Talented as they may be, Robert Downey Jr. and Jude Law will not be the actors most of us will associate with Sherlock Holmes and Dr. Watson. The honor still belongs to Basil Rathbone and Nigel Bruce, who starred in a series of movies in the 1930s and ‘40s based on Arthur Conan Doyle’s characters.
The entire Rathbone-Bruce collection has been released in a handsome DVD set; recently, a pair of their World War II movies has been issued on a single inexpensive disc, Sherlock Holmes in Washington (1942) and Sherlock Holmes Faces Death (1943). The idea of catapulting the Victorian detective forward in time to confront the Nazi menace is rationalized by the opening credit of the first film, with its reference to “solving significant problems of the present day.”
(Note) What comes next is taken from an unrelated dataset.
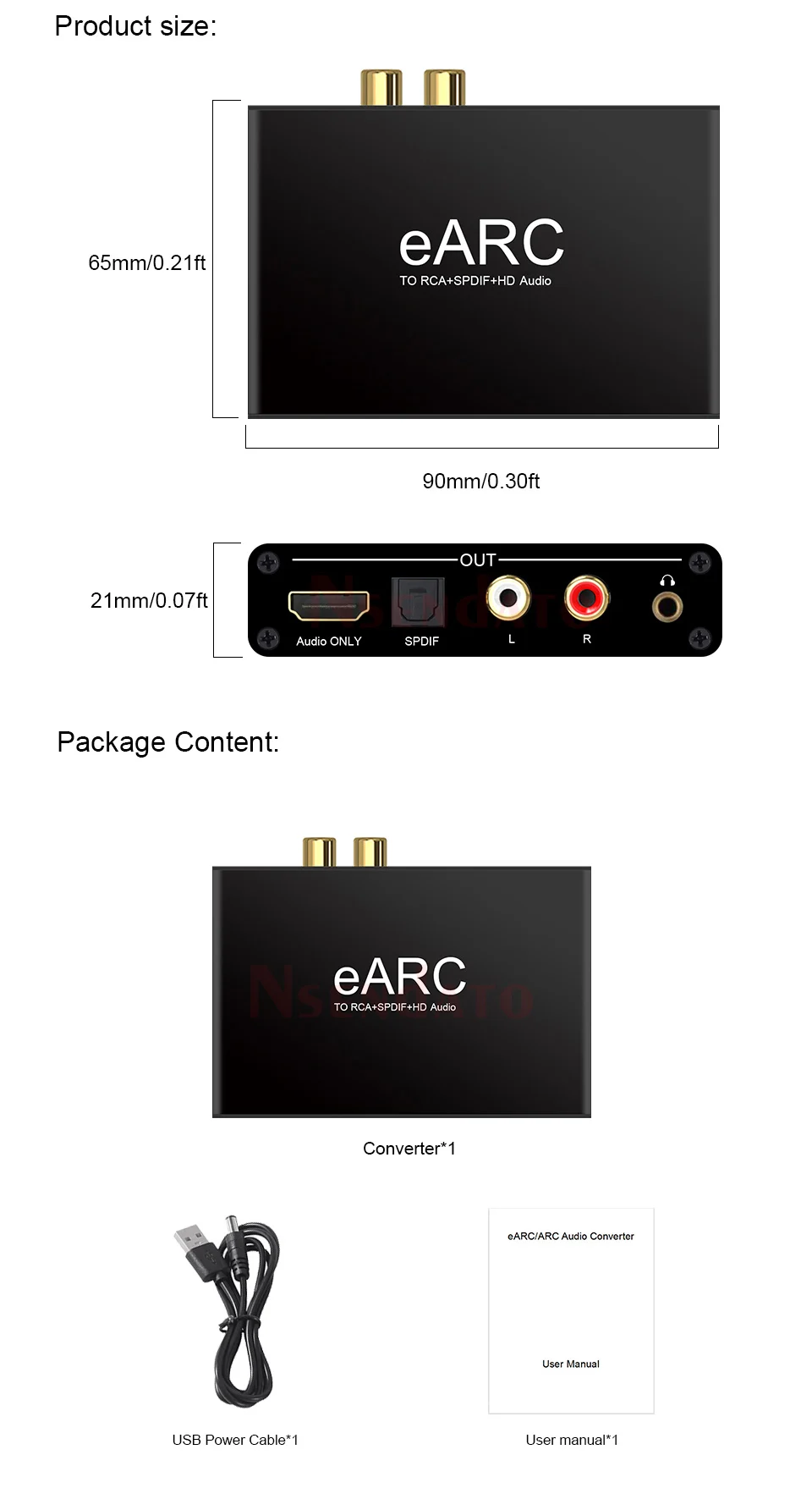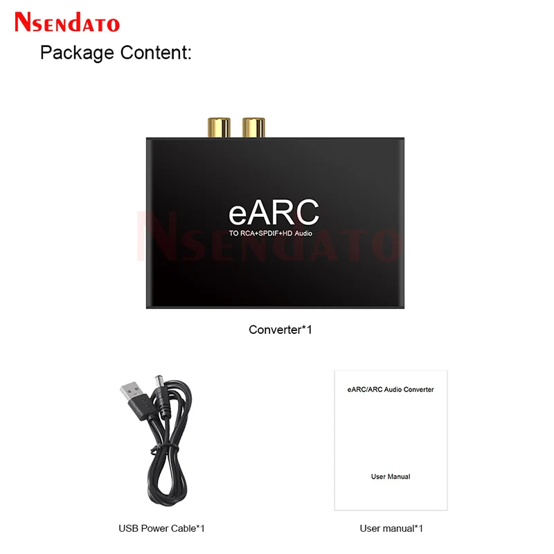Introducción:Este producto está diseñado para Nsendato de amplificadores o barras de sonido de actualización que no admiten la función eARC para poder conectarse con televisores que admitan la función eARC, de modo que puedan obtener audio de alta definición a través del canal eARC del televisor.También puede conectar la señal de audio de un televisor que admita eARC a un amplificador o auriculares a través de las interfaces estéreo analógicas y de fibra óptica de este convertidor de audio eARC.Este convertidor de audio eARC también es compatible con televisores que tienen función ARC.Características:Admite entradas eARC y ARCSalidas HDMI, fibra óptica, RCA y auriculares de 3,5 mm (el HDMI solo transmite señales de audio y no presenta imágenes)La salida HDMI admite hasta canales HD 5.1 y HD 7.1La interfaz de fibra óptica admite hasta 5,1 canalesAdmite la transmisión de una frecuencia de muestreo de audio de 24 bits/192 KHzEl volumen de salida de RCA y auriculares de 3,5 mm se puede controlar mediante el control remoto del televisor (CEC)Admite luces indicadoras de canal de audio de entradaEspecificaciones:Interfaz de entrada: eARC/ARCVersión de salida HDMI: HDMI 1.4Resolución de salida HDMI: 720P (HDMI solo transmite señales de audio y sin imágenes)Interfaz de salida: fibra óptica HDMI1, RCA2, 3,5 mm1Formatos de audio compatibles: Compatible-PCM/AC3/DTS/DD+/DTS-HD/Master audio/DOLBY True HDInterfaz de alimentación: DC5.5Voltaje de energía y consumo de energía: DC5V/300mAColor negroPaqueteConvertidorCable de alimentación USBManual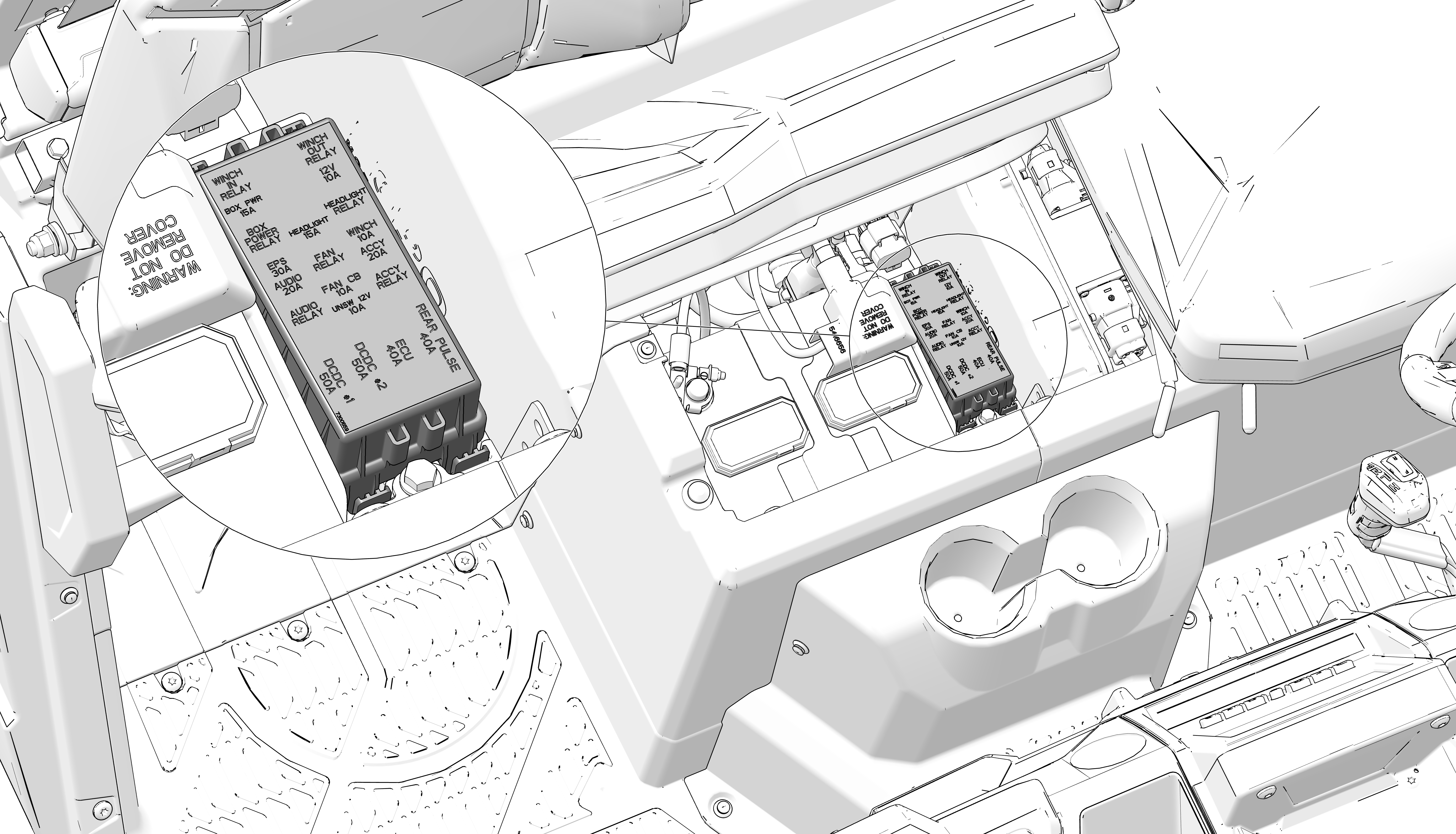 If the motor stops or will not start, or if you experience other electrical failures, a fuse may need replacement. Locate and correct any short circuits that may have caused the blown fuse, then replace the fuse. To access the fuse box, lift the passenger-side seat up and remove the storage bin under the seat. Spare fuses are provided in the fuse box. If you suspect that a fuse or relay may not be working properly, your dealer can assist.

Although filmed on a pinched budget, In Washington has a brilliant cinematic touch worthy of Hitchcock—a microfilm concealed in a matchbook passed unknowingly from person to person at a society party. Also winning the day are the characterizations in even the smallest roles and the little gestures—the meaningfully sinister glance and significant snatches of dialogue that propel the story forward. At the heart of both films is the old married bachelor couple of Rathbone and Bruce, whose crackling chemistry seemed beyond the reach of Downey and Law.